Table 4 shows the results of the agicide test for the large dust mite, the two compounds 1.0 mg, 0.5 mg, 0.10 mg, 0.05 mg, 0.03 mg, 0.01 mg, 0.004 mg, 0.0025 mg at the treatment level and tick Color discoloration of 1,4-benzoquinone and 1,4-dihydroxynaphthalene discolored all the large-legged dust mites to black (or black-brown) regardless of worms and live insects at all concentrations used between 1.0-0.0025 mg ( 1). Discoloration was not observed in the use of two control acaricides (benzyl benzoate and dibutyl phtalate) for the large-legged dust mites.

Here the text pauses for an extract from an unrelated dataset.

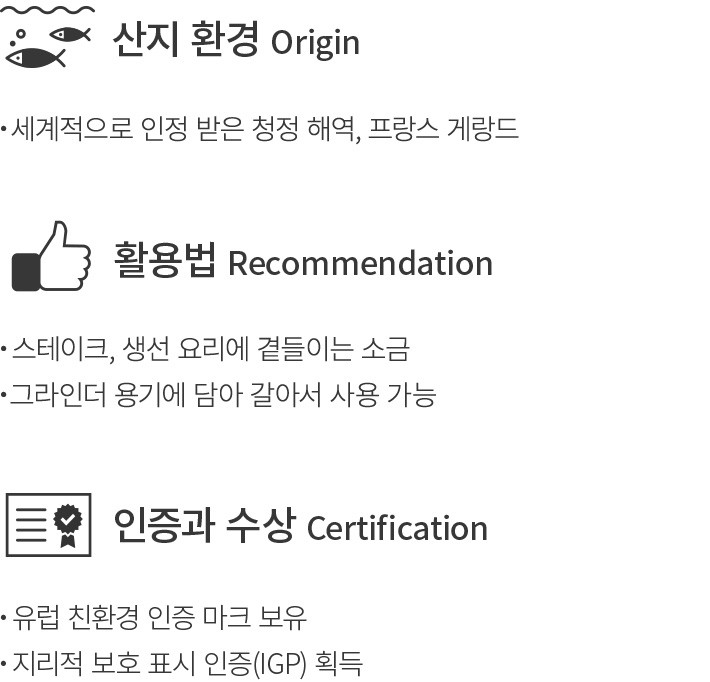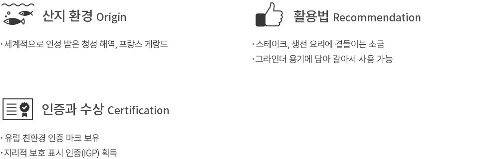 프랑스 게랑드 지방의 풍부한 햇살과 바람이 만들어 낸 소금,르 게랑드의 토판 천일염을 소개합니다. 토판염은 바닷물을 갯벌에 가둬 햇빛에 증발시키는 가장 자연적인 방식으로 만드는 소금이에요. 100% 천연 제품에만 부여되는 유럽 친환경 인증을 획득했을 만큼 깨끗한 청정 해역에서 생산되고 있죠. 이렇게 생산된 토판염은 쓴 맛 없이 짭짤하면서도 특유의 달콤한 감칠맛을 지녔답니다. 소금의 풍미를 오롯이 더할 수 있도록 입자가 굵은 소금으로 넉넉히 보내 드릴게요. 기존에 있던 그라인더를 채우는 리필용 소금으로도 제격일 거예요.

As mentioned above, the acaricide compound of the present invention has excellent acaricide activity, in particular 1,4-benzoquinone and 1,4-dihydroxynaphthalene are black or black all ticks regardless of necrosis and insects. It can be discolored brown and used as a tick indicator.

Claims (8)

1,4-Benzoquinone, 4-dihydroxynaphthalene, 8-Hydroxyquinaldine, alpha-Naphthoquinoline , Alpha-naphthoquinone, quinaldine, quinazoline, quinoline, quinoline-4-carboxaldehyde, 8-quinolinol -Quinineol) and quinoxaline (Quinoxaline) at least one selected from the group consisting of acaricidal compound. The method according to claim 1, wherein the acaricidal compound has an acaricidal effect against the vertical pattern dust mite ( Dermatophagoides pteronyssinus ) or a large leg dust mite ( Dermatophagoides farinae ). 1,4-Benzoquinone, 4-dihydroxynaphthalene, 8-Hydroxyquinaldine, alpha-Naphthoquinoline , Alpha-naphthoquinone, quinaldine, quinazoline, quinoline, quinoline-4-carboxaldehyde, 8-quinolinol -Quinolinol) and quinoxaline (Quinoxaline) acaricide comprising at least one compound selected from the group consisting of. A pest display compound containing 1, 4- benzoquinone or 1, 4- dihydroxy naphthalene. The compound according to claim 4, wherein the pest is selected from the group consisting of mites, greenhouse dusts, spotted mites and aphids. A pest labeling method comprising inducing a color change of a pest by applying the pest display compound according to claim 4 or 5 to the pest. The pest labeling method according to claim 6, wherein the pest is a worm or a live insect. An acaricide comprising a compound for displaying pests according to claim 4 or 5.